Joseph Bamat has written the following report on the reasons why thousands of people displaced by the January 12 earthquake in Port-au-Prince, especially mothers and children, now face a heightened HIV threat. Here are some excerpt from the article, which you can access through the link below.
Haiti’s vital HIV/AIDS support and prevention networks are slowly resuming their work, the United Nations’ programme for HIV/AIDS (UNAIDS) has told France24.com. As the recovery phase in the earthquake-stricken country continues, AIDS response organisations are regrouping staff and locating patients who had been receiving antiretroviral treatment (ART). But UNAIDS warns that Haitians, especially the thousands of displaced people, face an exacerbated HIV threat that could undermine all future reconstruction. “We have 120,000 people living with HIV in Haiti; more than half of them are women. Neglecting HIV will compromise the social development of Haiti,” says Ernesto Guerrero, UNAIDS country coordinator for Haiti. . . .
Haiti is the country with the worst AIDS epidemic in the Caribbean.
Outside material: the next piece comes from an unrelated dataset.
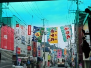 大漁旗: 区間運転の三陸鉄道で宮古市 田老地区の空虚を見た後、小本駅からのバスは被災の残る商店街を抜けていきます。珍しい観光バスに対して、地元の若奥さんは笑顔、子供たちは手を振っていました。
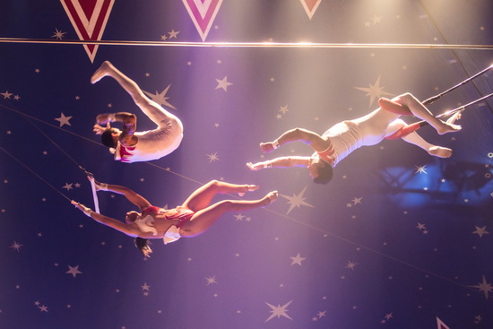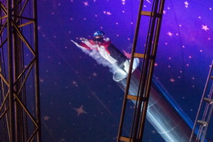 Mit dem Fliegenden Trapez der Truppe von Félix Galéoti beginnt der zweite Programmteil. Je zwei FliegerInnen arbeiten sehr hoch in der Kuppel und in weitem Abstand vom Sicherheitsnetz ihre zahlreichen Sprünge. Sehr sicher werden die unterschiedlichen Saltos ausgeführt und allesamt in den Händen des Truppenchefs gelandet. Mit einer elegant ausgeführten Passage findet der Auftritt seinen gelungenen Abschluss.

It is home to half of all people living with HIV in the region and has a prevalence rate that doubles that of it’s neighbour the Dominican Republic. The UN estimates that about 16 percent of HIV-positive Haitians were taking antiretroviral drugs before the quake, and that 57 percent of all those infected were living in the affected areas. The ART centres that UNAIDS supports have suffered considerable damage, including the destruction of buildings and equipment, as well as human losses. Staff reported the destruction of medical supplies and lack of formula milk, which is used to prevent transmission from HIV-positive mothers to their children through breast milk. . . .
At a time when international experts assert that Haiti’s reconstruction will not start from zero, but from less than, Guerrero stresses that, contrary to first impressions, AIDS patients should be a priority in the recovery efforts. “It was difficult to make emergency responders understand the risk at first,” confesses Guerrero. UNAIDS is anxious about the tens of thousands of displaced Haitians, especially mothers and their children, who it says now face a heightened HIV threat. . . . While unsanitary conditions and scarcity of food presents a mortal danger to HIV-positive people, the radical disruption of normal life can also lead to new infections. HIV-positive mothers risk infecting their children by changing established nursing habits, and displaced mothers and children are often the victims of sexual violence.
Moreover, a failure to combat the epidemic in the aftermath of the quake could produce an explosion of HIV drug resistance. “An interruption in the administration of drugs, even temporarily, or change to an improper protocol can lead to a person developing strains of HIV resistant to drugs,” explains Guerrero. “Also these new strains can be transmitted to other people, whether they are living with HIV or not.” With an estimated 20 percent of patients not having returned to ART centres, UNAIDS and local organisations’ action will prove decisive in shaping the future of Haiti. “There is good reason to make great efforts to find them and ensure they continue their treatment,” Guerrero insists.